Wakil Ketua Dewan Perwakilan Rakyat (DPR) RI, Sari Yuliati, menegaskan komitmennya untuk memperjuangkan aspirasi ribuan guru madrasah swasta agar dapat diangkat menjadi Pegawai Pemerintah dengan Perjanjian Kerja (PPPK).
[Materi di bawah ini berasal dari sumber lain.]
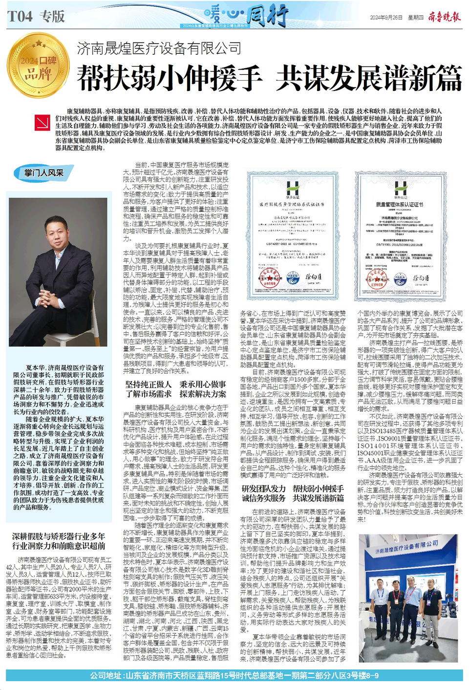 2024银发经济影响力品牌|济南晟煌医疗设备有限公司

Penegasan ini disampaikan Sari Yuliati setelah menerima langsung demonstrasi damai dari para guru.
“Saya menerima langsung demonstrasi damai guru madrasah swasta. Mereka adalah keluarga besar saya. Saya juga pernah bersekolah di madrasah, jadi saya memahami betul perasaan mereka,” ujar Sari Yuliati dalam kegiatan Safari Ramadhan bersama Keluarga Besar Kantor Wilayah Kementerian Agama Nusa Tenggara Barat (NTB) pada Sabtu malam.
Komitmen tersebut, menurut Sari, bukan sekadar basa-basi. Ia bahkan memimpin langsung pertemuan dengan perwakilan guru madrasah swasta se-Indonesia di Gedung DPR RI. Aspirasi utama yang disampaikan berkaitan dengan tuntutan pengangkatan guru madrasah swasta menjadi PPPK serta perbaikan sistem pembayaran tunjangan profesi guru.
Dari pertemuan tersebut, DPR memberikan dukungan afirmatif terhadap tuntutan pengangkatan guru madrasah swasta menjadi PPPK. Namun, Sari Yuliati menjelaskan bahwa proses ini memerlukan koordinasi lintas kementerian dan lembaga, termasuk Kementerian Agama, Kementerian Pendayagunaan Aparatur Negara dan Reformasi Birokrasi (KemenPAN-RB), Badan Kepegawaian Negara (BKN), dan Kementerian Keuangan.
“Jadi, tidak bisa kami sendirian. Perlu koordinasi lintas sektor dengan pemerintah,” ucapnya.
Sari Yuliati menambahkan, DPR telah mendorong Kementerian Agama untuk segera mengoordinasikan rapat bersama kementerian dan lembaga terkait guna mempercepat realisasi kebijakan tersebut. Ia bahkan menyatakan kesiapannya untuk mengambil alih koordinasi apabila diperlukan.
Selain pengangkatan PPPK, isu pembayaran tunjangan profesi guru juga menjadi perhatian serius. Anggota DPR Dapil Nusa Tenggara Barat 2 Pulau Lombok ini mengungkapkan bahwa berdasarkan penjelasan Direktorat Jenderal Pendidikan Islam, kebijakan tersebut secara politik dan anggaran telah tersedia.
“Berdasarkan penjelasan Direktorat Jenderal Pendidikan Islam, secara politik dan anggaran kebijakan tersebut telah tersedia, hanya diperlukan percepatan teknis implementasi,” katanya.
Menindaklanjuti arahan tersebut, Kepala Kantor Wilayah Kementerian Agama NTB, Zamroni Aziz, menyatakan kesiapannya untuk mengusulkan para guru madrasah swasta di NTB agar dapat diangkat menjadi PPPK. Pihaknya telah berkoordinasi dengan Direktorat Jenderal Pendidikan Islam (Dirjen Pendis) dan Sekretaris Jenderal (Sekjen) Kementerian Agama.
“Kami sudah berkoordinasi dengan Dirjen Pendis dan Sekjen Kemenag untuk menyiapkan data yang akan diajukan ke Kemenpan RB, BKN, dan Kementerian Keuangan. Aspirasi guru madrasah swasta ini sedang dalam proses pembahasan,” kata Zamroni Aziz.
Zamroni Aziz menyebutkan, di Pulau Lombok saja terdapat lebih dari 2.000 madrasah, baik negeri maupun swasta. Setiap madrasah diperkirakan memiliki 10 hingga 15 guru swasta. “Kami kalkulasi bisa mencapai sekitar 25.000 hingga 35.000 orang. Sebagian besar telah tersertifikasi dan inpassing,” pungkasnya.